Видимо, есть в этом некая символика: один из первых поэтов поколения битников в СССР Андрей Вознесенский умирает на следующий день после смерти одного из последних именитых американских битников, шестидесятника Питера Орловски.

Поколение это стремительно уходит, и с годами все больше осознаешь, до чего они, шестидесятники, были пропагандистски похожи.

Живя в разных полушариях, они говорили по-русски и по-английски, в общем-то, на одном понятийном языке. С середины 1950-х – одни и те же громкие банальности, революционные про зрения, невероятные рифмы, авангардные формы, линялые джинсы: «…когда я попал в Америку в 60-е годы, я увидел, что битники ходили так же, как и мы в Москве.» (Интервью с А. Вознесенским, «Коммерсантъ», 1997 г. http://www.kommersant.ru/doc/182992)

Схожие призывы поэтических лириков и пацифистов-физиков под одни и те же гитарные аккорды, под джойнты с канабисом и поцелуи взасос. Со скандалами, громкими и грязными, обязательно в общенациональной прессе, с обвинениями в адрес правительств, военных баз, консерваторов, обывателей, буржуев, рябчиков и ананасов:


Мы – битники. Среди хулы

мы, как зверёныши, волчата,

Скандалы точно кандалы

За нами с лязгом волочатся.

(А.Вознесенский, «Монолог битника»)


Орловски умер 31 мая 2010 года, в возрасте 76 лет. Одиноко скончался от рака легких в уездном городе Williston, VT. Если бы его не доконал рак, поэт Питер Орловски продолжил бы бороться с прогрессирующим диабетом и последствиями бурной молодости – наркотической и алкогольной зависимостями.

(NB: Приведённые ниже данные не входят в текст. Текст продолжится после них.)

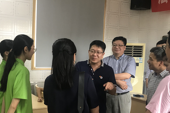 钱雪华书记一行先后参观了实践团队的授课教室和队员宿舍,详细询问实践团队大学生的生活和工作情况。当了解到数年前在此接受支教的学员如今已成长为大学生,并以志愿者身份重新参与暑期支教,钱雪华书记不禁为这样的青年和青春故事点赞。领导们和实践团队师生在蔚斗社区居委会会议室开展座谈,听取实践团队大学生对基层实际的认识和自身的成长收获。夏文来副书记介绍了我校暑期实践整体情况,学校以“一员双岗双建功”为统揽,聚焦热点打造7大主题,从安全、思想、目标、干部入手从严管理实践团队,保障实践顺利进行。
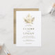 Esta elegante invitación a la boda tiene un fondo blanco con una hoja de arce en un falso Relieve metalizado de oro. En el reverso aparece un fondo de oro falso/falso. Personalízalo para tus necesidades. Puedes encontrar productos coincidentes en mi tienda.

Его отца звали Олегом, он прибыл в Нью-Йорк из России. Один из его четырех сыновей, натурщик в начале биографии и впоследствии известный поэт-битник, родился на манхэттенском Lower East Side 8 июля 1933 года.

На семь лет позже Гинзберга, появившегося на свет в 1926 году почти по соседству – через реку Гудзон, в нью-джерсийском городке Паттерсон.

В 1954 году Гинзберг увидел портрет Питера в сан-францисской студии художника Роберта ЛаВин (Robert LaVigne), там же познакомился с самим натурщиком – и семейная пара уже не расставалась до смертного часа культового Гинзберга в 1997 году.

Орловски был охоч как до мужчин, так и до женщин. Гинзберг мужской любви не изменял. Оба имели многочисленные связи на стороне, но трогательно провели жизнь в неверном супружестве и обожании друг друга.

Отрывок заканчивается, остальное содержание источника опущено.